It seems that even municipal insolvency needs a marketing campaign these days. At a press conference following last week’s bankruptcy announcement, Detroit and Michigan officials stood in front of banners with a sunny image of the city skyline and a slogan: REINVENTING DETROIT.
It’s not overwhelmingly original, but it is accurate. Even after Detroit works out its current obligations to pensioners and bondholders in the courts, the city will need to seriously rethink the way it functions to have any hope of long-term prosperity.
There’s been no shortage of commentators who have pounced on this idea, saying Detroit should reinvent itself as a model city for urban farming or “right-size” to become ultra-dense and walkable by abandoning outer neighborhoods. Some have even proposed giving Detroit to Canada, assuming Canada would want to take it.
But today’s news of a new study on economic mobility from researchers at Harvard and Berkeley shows that effective solutions could be far simpler.

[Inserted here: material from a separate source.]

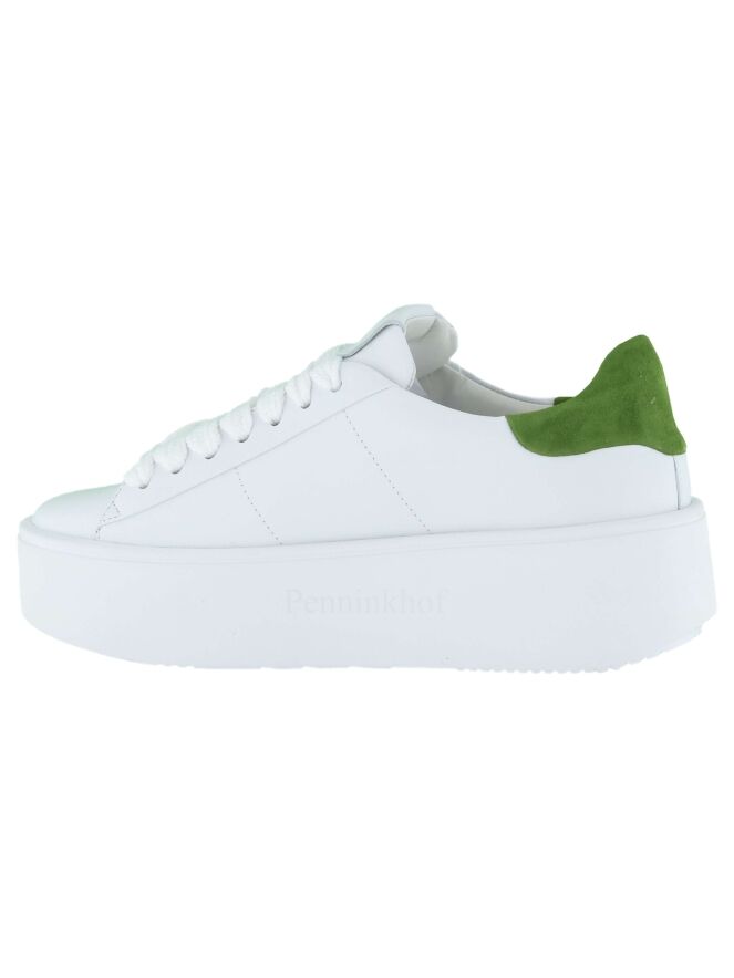 A sneaker from Kennel & Schmenger in the color white. A green piece of nubuck has been processed on the heel. The platform sole is in the color white. The inside is lined with leather.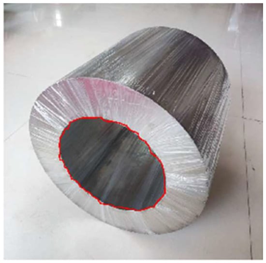 To reduce the computational load and complexity of subsequent image processing while enhancing the portability and reusability of target region extraction for steel coils, this paper employs a deep-learning approach. Specifically, it utilizes the Mask R-CNN feature extraction algorithm within the deep-learning framework to identify and extract the target region of steel coil corner guards, thereby obtaining a mask color image of the mounting holes. The image segmented by the Mask R-CNN architecture was further refined using the RGB vector space image segmentation method to produce a binarized image of the steel roll eyes. Figure 8 illustrates sample images of steel coils with varying packaging processes, qualities, and sizes.

The study, which found Detroit to be below average in the likelihood of its citizens experiencing upward mobility, establishes several commonalities for governments that do it well. Mixed-income neighborhoods, strong civic engagement, and good schools and public transportation are all elements of environments that allow poor people to become middle- and upper-middle class.
So while right-sizing and urban farming are both interesting proposals, it’s clear there are several far more practical solutions Detroit could seek to get itself back on its feet post-bankruptcy. Here are four relatively quick fixes:
1. Implement “tax choice”
It goes without saying that Detroit is a city with a governance problem.

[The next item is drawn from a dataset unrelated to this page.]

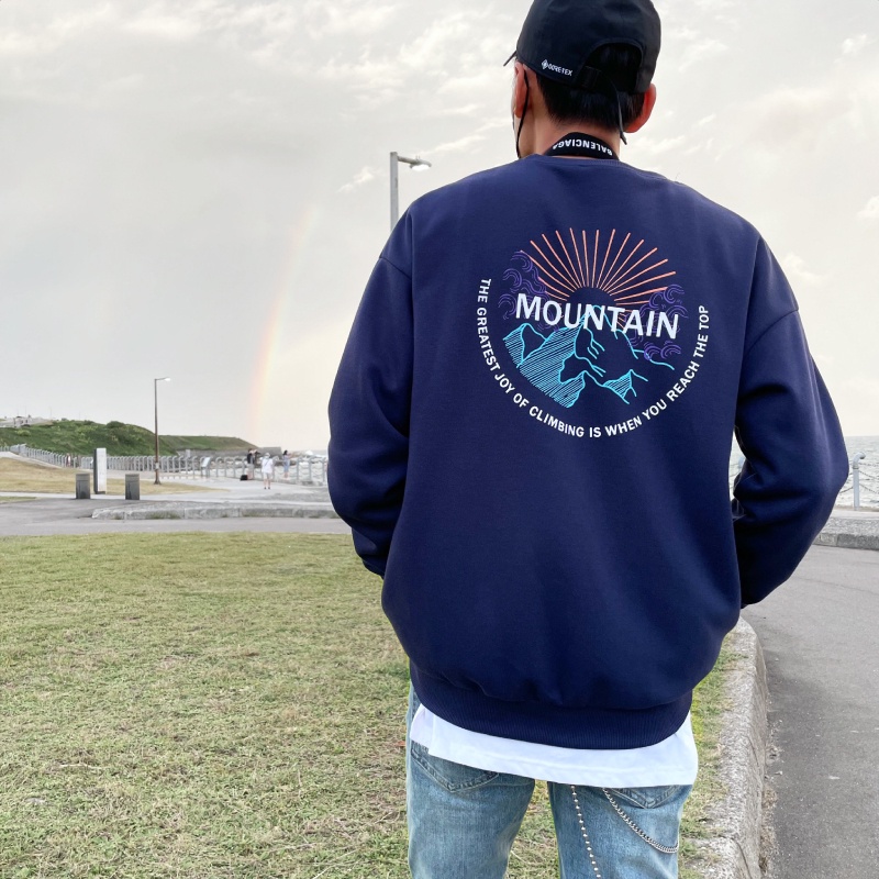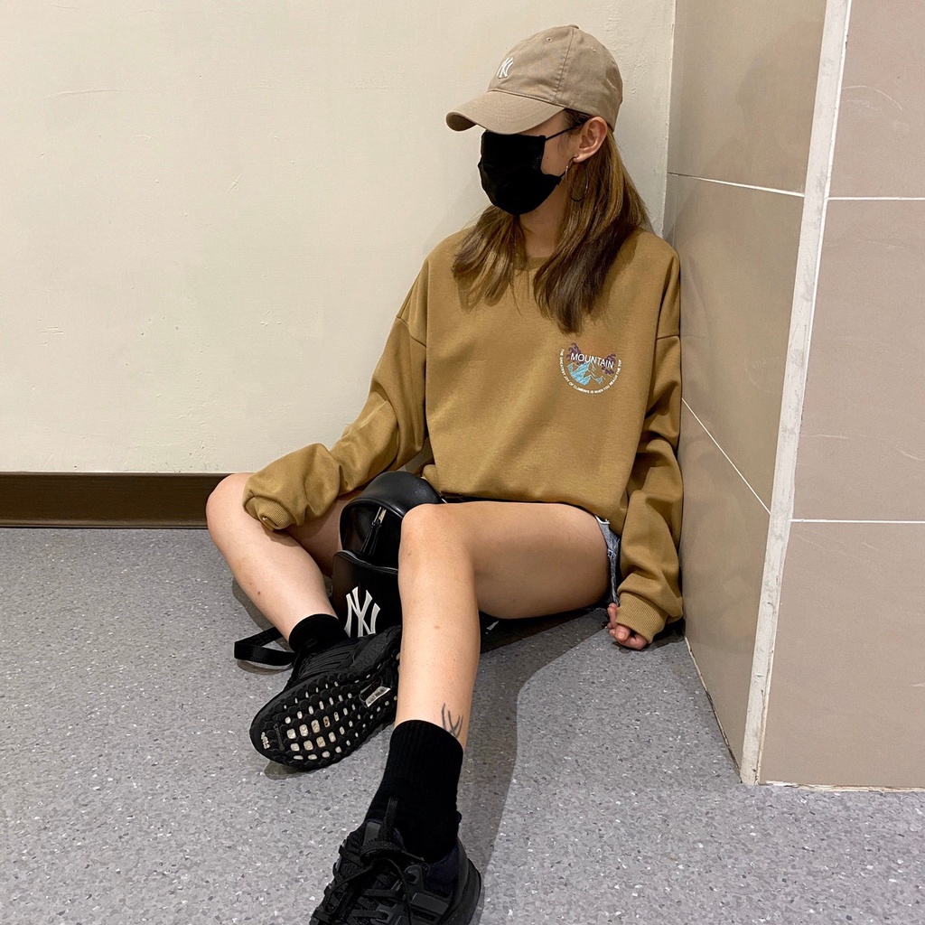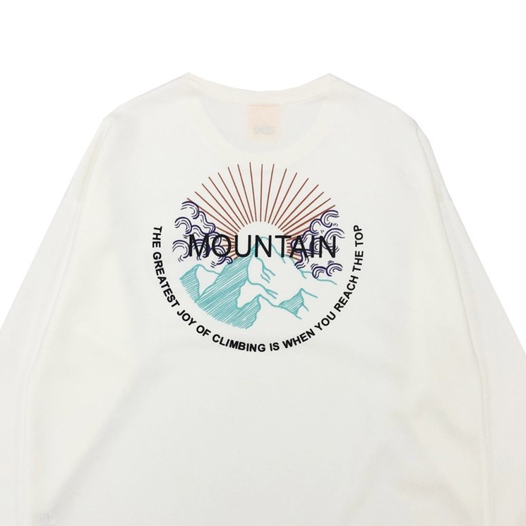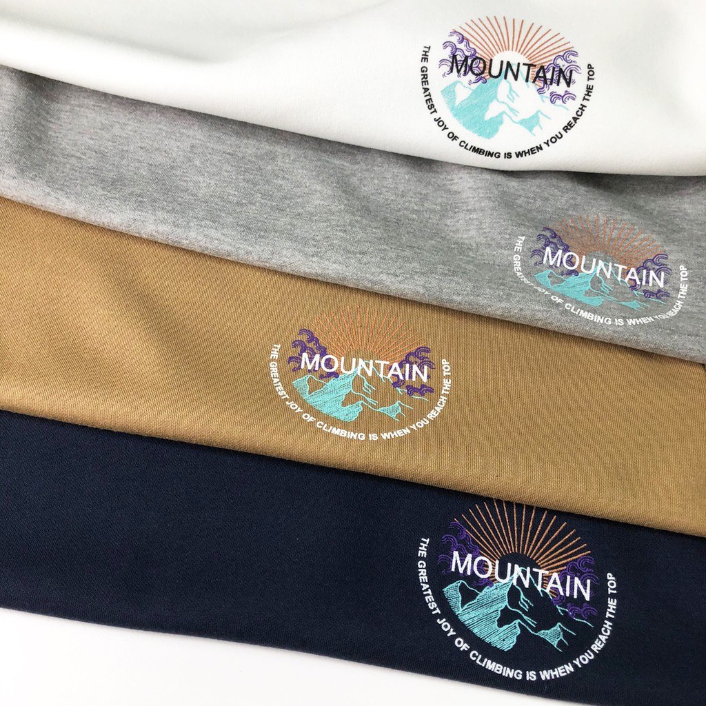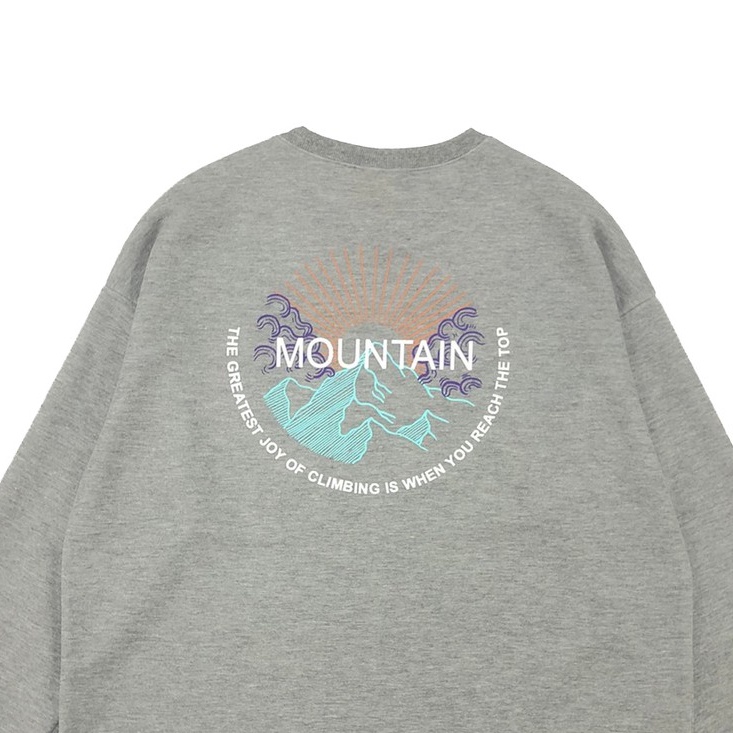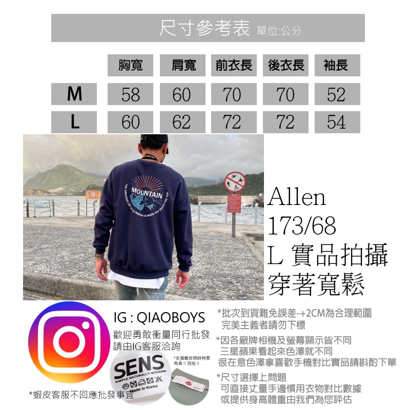 QIAO 韓國新貨 MOUNTAIN東洋 太空棉 山脈T 落肩 韓國大學T 長袖T 男生長袖 大學T 情侶 落肩大學T
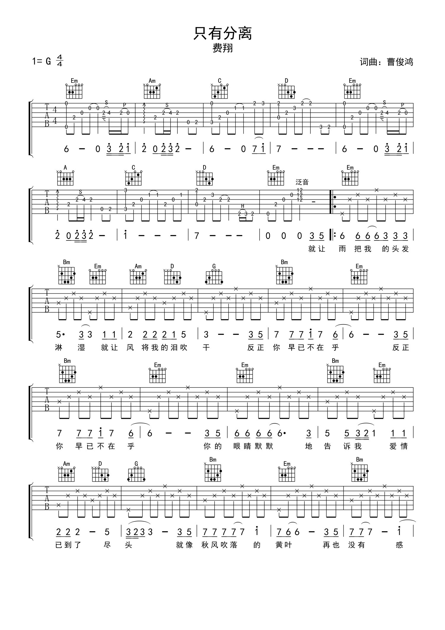 曲谱介绍: 费翔《只有分离》吉他谱_G调吉他弹唱谱

But the issues run deeper than graft or partisanship. The fundamental social contract between city and citizen doesn’t really exist in Detroit anymore.
A Detroit News investigation in February found that for 47 percent of the taxable properties in the city, the owners simply had not paid the tax they owed in 2011, apparently aware that the city didn’t have the resources to force them.
And who can blame them for not wanting to pay up? Former mayor Kwame Kilpatrick hosted lavish parties at the executive mansion, awarded city contracts to friends and family, and fired a deputy police chief who tried to investigate his actions. Even under the new mayor, record-keeping in some city departments is virtually nonexistent. Last month, the city council president simply stopped showing up for work, forcing the emergency manager to strip him of his post and salary.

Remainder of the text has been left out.